Friday, January 6, 2017

Book Review: Tara Hardy's My, My, My, My, My,

Last month I went to the the book release for My, My, My, My, My, and I was completely blown away by Tara Hardy's performance of her works and by her immense generosity with us as an audience. Her warmth engulfed us. And since then it's taken me a month to read through her book. Yes, because life is busy (graduated from my MFA program and all so woo hoo), but also because the 124 page book of confessional and musical poetry and prose is huge and magical. We're talking a freaking Tardis of a book here people.


Let me explain. To me, the most remarkable trait of My, My, My, My, My, is its cohesive tone. It maintains this unity of voice despite the wide range of themes and topics and especially despite Hardy's diverse use of poetic and prosaic forms and approaches. These potentially disparate elements are held together in part by the repetition of motifs and scenes. The recurrence of a scene between a spider and a ladybug, and the refrain of a lilac tree named Miss Lady offered solid welcoming footholds and echoed the harsher but similarly steady echoes and monotonous repetitions of what it is to live with illness or what it is to live with your trauma always in you.

What cements the cohesion of My, My, My, My, My, as miraculous, what gives it its strange magic is that it is held together through deep dives into many and particularly heavy topics. This book is not a simple book. It is not an "easy" read. In the month it took me to read it, I had to put it down several times because it struck me so strongly. I know it's corny and I don't care: It brought me to tears on multiple occasions and made me laugh out loud alone in my bedroom and once while on the train to the airport. My, My, My, My, My, is a book about growing up, it's about body, it's about divorce, it's about getting sick and getting sicker and fearing death until that fear becomes as familiar as the feel of a butterknife in your hand, it's about abuse and incest, it's about the saving grace of a dog's face, it's about survival and it's also a guide for how to survive and how to revel in this sharp glinting gift of life.

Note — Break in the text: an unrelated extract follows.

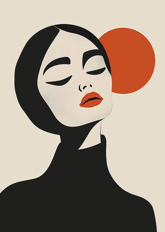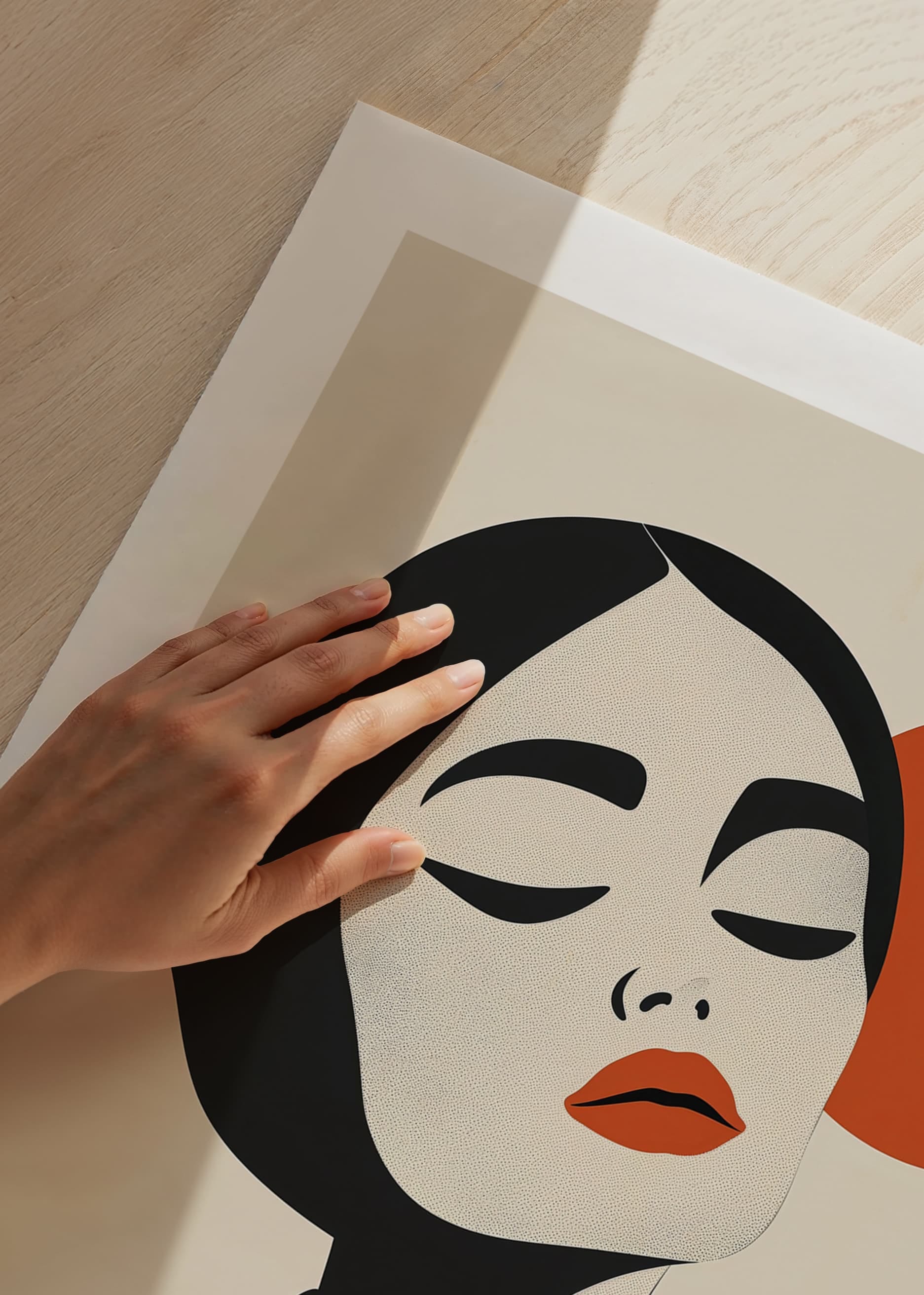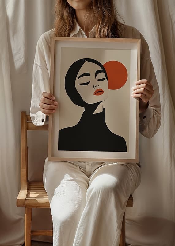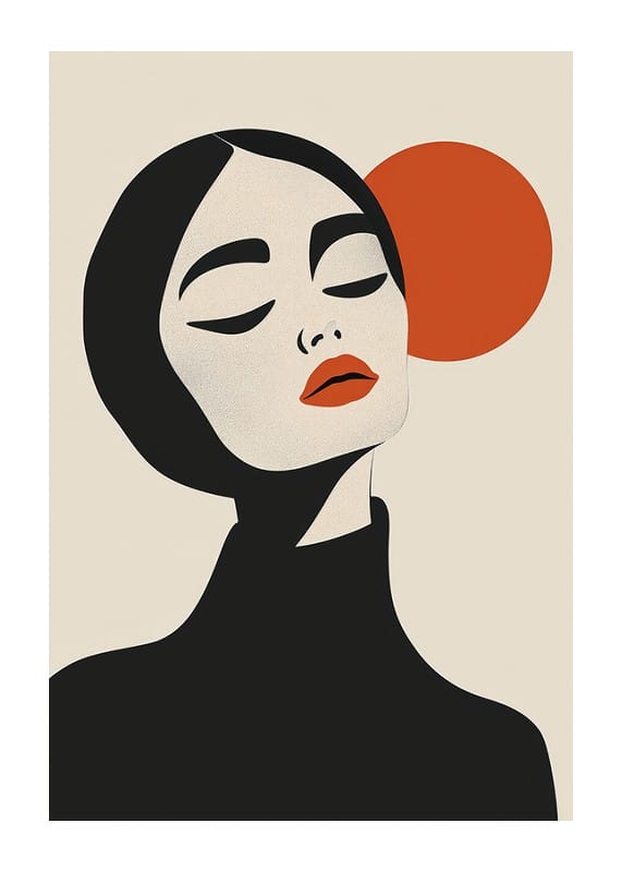 Denna poster fångar din uppmärksamhet med sitt stilrena porträtt av en kvinna, omsluten av djärva svarta linjer och en slående orange cirkel som tycks sväva bakom henne. Den minimalistiska designen och den subtila kontrasten mellan färger skapar en känsla av mystik och elegans.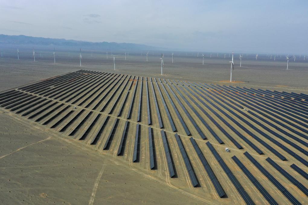 一望無垠的新疆戈壁上,逾百米高風(fēng)機的葉片緩緩轉(zhuǎn)動,連綿的光伏板在陽光下“漾”起粼粼光紋,超低排放的火電機組平穩(wěn)運轉(zhuǎn),與風(fēng)光能源協(xié)同運行。

My, My, My, My, My, is not a book about balance, it is balance incarnate. It embodies the deeply shifting struggle and triumph of staying alive. The specifics of Hardy's life will draw you in but it is her alchemically balanced mode of storytelling that will invite you and your own struggles and triumphs into the book. Hardy's gift in My, My, My, My, My, is the pocket she opens for the reader to crawl into. When you finish My, My, My, My, My, the book, and everything in it will belong to you completely. And also you will belong more to yourself.